3.4. UBXN7 regulation of NRF2 and HIF-1α proteins during hypoxia.

We investigated whether hypoxia, as the main activator of HIF-1α, also regulates NRF2 and the potential role of UBXN7 protein in this process. HEK293 WT and HEK293 UBXN7(−/−) cells were placed in a hypoxia chamber and exposed to 1% O2 and 5% CO2 for various time periods up to 18 hours, as previously described [14]. Whole cell extracts were prepared and the expression of NRF2, HO-1, HIF-1α, GLUT1 and UBXN7 was monitored by Western blot analysis. Figure 4A shows that in HEK293 WT cells there is an increase in HIF-1α during the first 6 hours of hypoxia but is gradually reduced at 9, 12, and 18 hours.

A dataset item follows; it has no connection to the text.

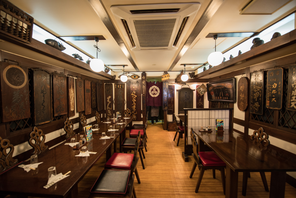 階段で2階へあがるとその先には小さなエレベーターもあった。さすがハイカラだ。テーブル席や小上がり付きの和個室などもあるが、もし予約でリクエストできるのならば、4階がおすすめ。初代店主が趣味で集めた江戸時代の古看板が壁一面にびっしりと展示されており、タイムスリップ感が加速する。

NRF2 protein levels remain very low during the first 6 hours of hypoxia but increase at 9, 12, and 18 hour time points (Figures 4A and 4B). UBXN7 mirrors the expression levels of HIF-1α protein throughout hypoxia and inversely correlates with the NRF2 protein levels (Figure 4A). HEK293 UBXN7(−/−) cells have a higher basal level of NRF2 compared to HEK293 WT that remains elevated throughout hypoxia (Figure 4A, and 4B). HIF-1α protein level in HEK293 UBXN7(−/−) is lower than in HEK293 WT cells and remains the same during hypoxia (Figure 4A, and 4C). To further verify that the regulation of NRF2 and HIF-1α proteins under these conditions is functional we monitored the expression of two specific target genes: the HO-1 target of NRF2 and the GLUT1 target of HIF-1α [31, 33]. HO-1 expression closely reflects the expression of NRF2 both in the HEK293 WT as well as in HEK293 UBXN7(−/−) cells during hypoxia (Figure 4A, and 4B). In HEK293 WT cells there is a delayed response in the activation of GLUT1 protein following HIF-1α induction by hypoxia and in HEK293 UBXN7(−/−) GLUT1 expression is barely detectable throughout hypoxia (Figure 4A, and 4C).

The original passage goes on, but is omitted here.